Electron-microscopic analyses of dopaminergic structures within the dorsal striatum in wild-type and triple-synuclein-null mutant mice. Electron micrographs of TH-immunoreactive synaptic boutons in the dorsolateral striatum of a TKO mouse. The immunoreactivity was revealed by the peroxidase method with diaminobenzidine as the chromogen (A) or the immunogold method (B). The bouton forms symmetrical synaptic contact (arrowheads) with a dendritic shaft (d). Note the nonimmunoreactive terminals forming an asymmetrical synaptic contact (white arrowheads) with a spine. Scale bars, 0.5 μm. C, Frequency distribution of the intervesicle distances in immunogold-labeled TH-positive structures (150 TH-immunoreactive profiles from 3 animals per genotype).

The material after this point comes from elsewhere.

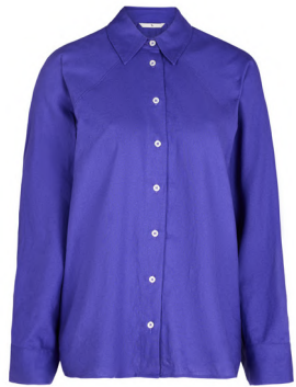
Blue Linen-Rich Relaxed Shirt £20
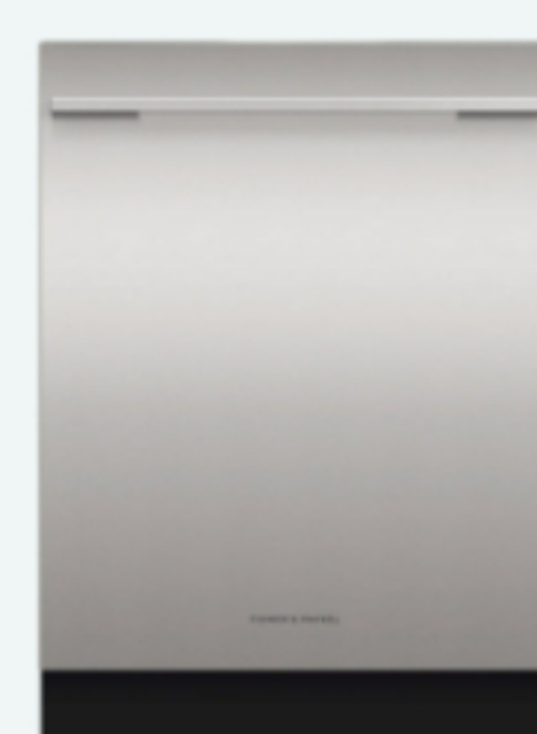
Dishwasher Fisher & Paykel 24" Dishwasher

D, Frequency distribution of the distances of vesicles from the active zone in immunogold-labeled TH-positive profiles that formed synaptic specializations (23 TH-immunoreactive synaptic boutons from 3 animals per genotype).

Figure 8.

Quantification of SNARE complexes in the dorsal striatum of wild-type and triple-synuclein-null mutant mice. Coimmunoprecipitation of VAMP2/synaptobrevin with SNAP-25 was used to assess the abundance of SNARE complexes in the dorsal striatum of wild-type (WT) and TKO (α^−/−β^−/−γ^−/−) mice. The bar chart shows amount of VAMP2/synaptobrevin in SNAP-25 immunoprecipitates normalized to the amount of precipitated SNAP-25 and expressed as percentage of mean amount WT samples (±SEM; results of 3 independent experiments; 3 WT and 3 TKO mice used in each of these experiments). A representative Western blots shows results of analysis of two independent pairs of WT and TKO mice.